- Given data
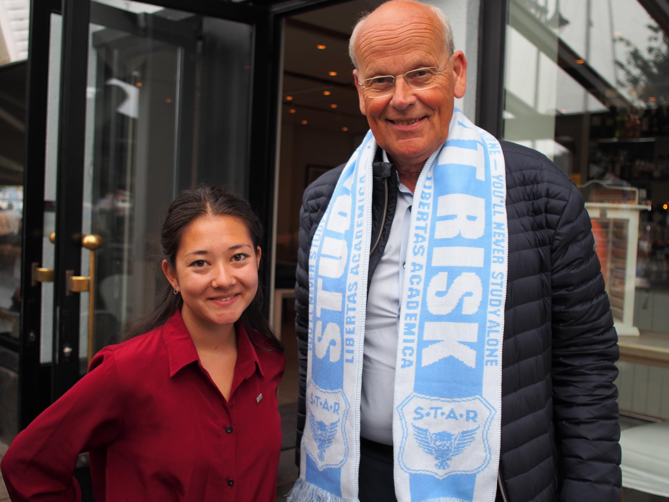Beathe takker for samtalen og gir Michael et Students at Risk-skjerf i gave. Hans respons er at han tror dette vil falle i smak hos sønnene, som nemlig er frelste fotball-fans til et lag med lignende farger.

...

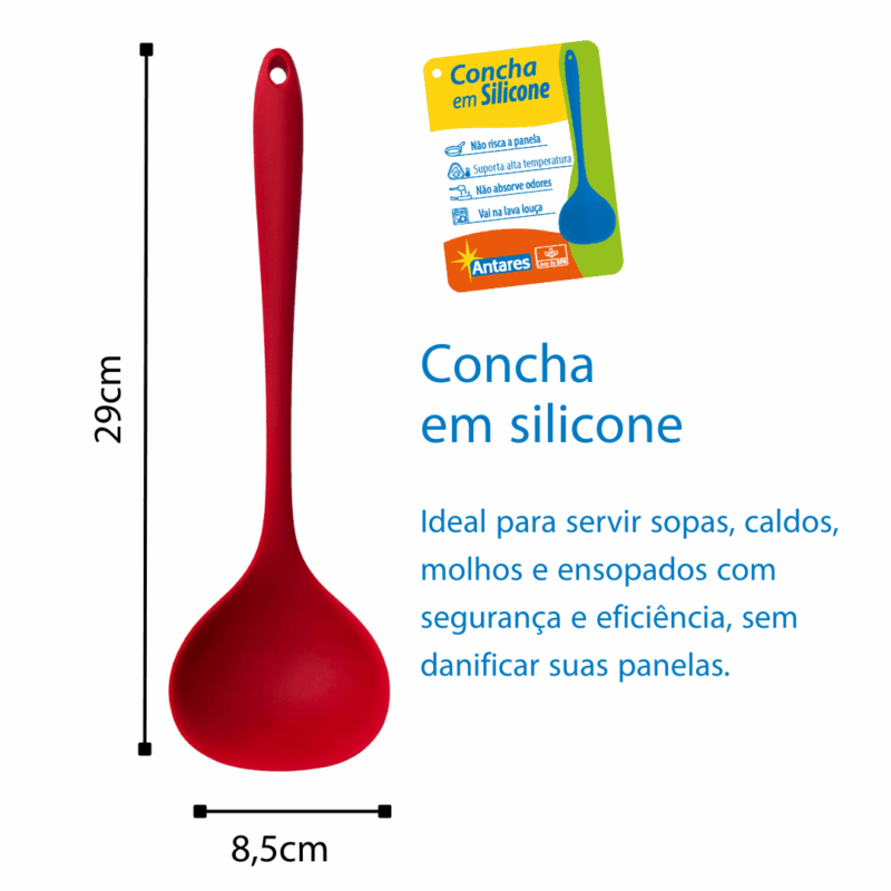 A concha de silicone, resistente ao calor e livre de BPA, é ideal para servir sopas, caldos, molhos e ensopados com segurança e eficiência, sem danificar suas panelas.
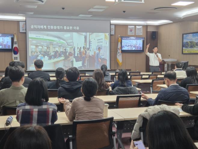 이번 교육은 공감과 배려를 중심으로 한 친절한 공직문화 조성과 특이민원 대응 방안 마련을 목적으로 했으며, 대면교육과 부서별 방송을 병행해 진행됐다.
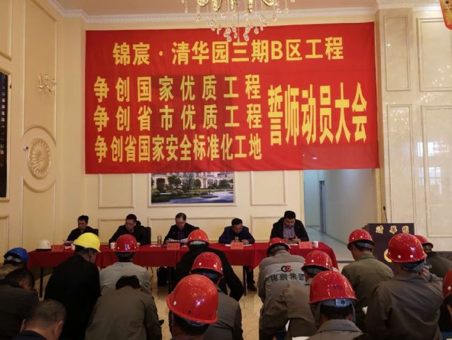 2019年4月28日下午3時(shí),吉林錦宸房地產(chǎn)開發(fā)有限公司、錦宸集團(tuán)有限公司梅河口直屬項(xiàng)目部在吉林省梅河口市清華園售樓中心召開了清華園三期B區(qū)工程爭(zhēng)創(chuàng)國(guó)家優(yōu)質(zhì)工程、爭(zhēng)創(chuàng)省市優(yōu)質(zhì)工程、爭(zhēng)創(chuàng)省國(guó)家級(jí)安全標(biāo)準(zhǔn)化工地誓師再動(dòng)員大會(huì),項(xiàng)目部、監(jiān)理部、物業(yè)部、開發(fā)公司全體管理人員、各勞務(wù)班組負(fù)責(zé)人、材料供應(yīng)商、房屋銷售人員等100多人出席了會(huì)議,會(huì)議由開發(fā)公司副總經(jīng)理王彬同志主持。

* * *

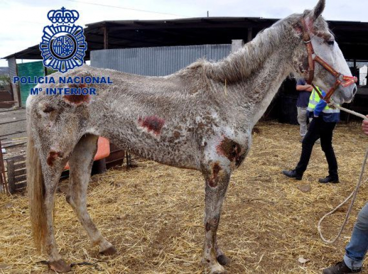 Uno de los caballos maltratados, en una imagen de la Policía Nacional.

- Work order
Copy back exactly the lines above from the one containing "A concha de" through the one containing "2019年4月28日下午3時", and leave every picture behind.

- Task output
 A concha de silicone, resistente ao calor e livre de BPA, é ideal para servir sopas, caldos, molhos e ensopados com segurança e eficiência, sem danificar suas panelas.
 이번 교육은 공감과 배려를 중심으로 한 친절한 공직문화 조성과 특이민원 대응 방안 마련을 목적으로 했으며, 대면교육과 부서별 방송을 병행해 진행됐다.
 2019年4月28日下午3時(shí),吉林錦宸房地產(chǎn)開發(fā)有限公司、錦宸集團(tuán)有限公司梅河口直屬項(xiàng)目部在吉林省梅河口市清華園售樓中心召開了清華園三期B區(qū)工程爭(zhēng)創(chuàng)國(guó)家優(yōu)質(zhì)工程、爭(zhēng)創(chuàng)省市優(yōu)質(zhì)工程、爭(zhēng)創(chuàng)省國(guó)家級(jí)安全標(biāo)準(zhǔn)化工地誓師再動(dòng)員大會(huì),項(xiàng)目部、監(jiān)理部、物業(yè)部、開發(fā)公司全體管理人員、各勞務(wù)班組負(fù)責(zé)人、材料供應(yīng)商、房屋銷售人員等100多人出席了會(huì)議,會(huì)議由開發(fā)公司副總經(jīng)理王彬同志主持。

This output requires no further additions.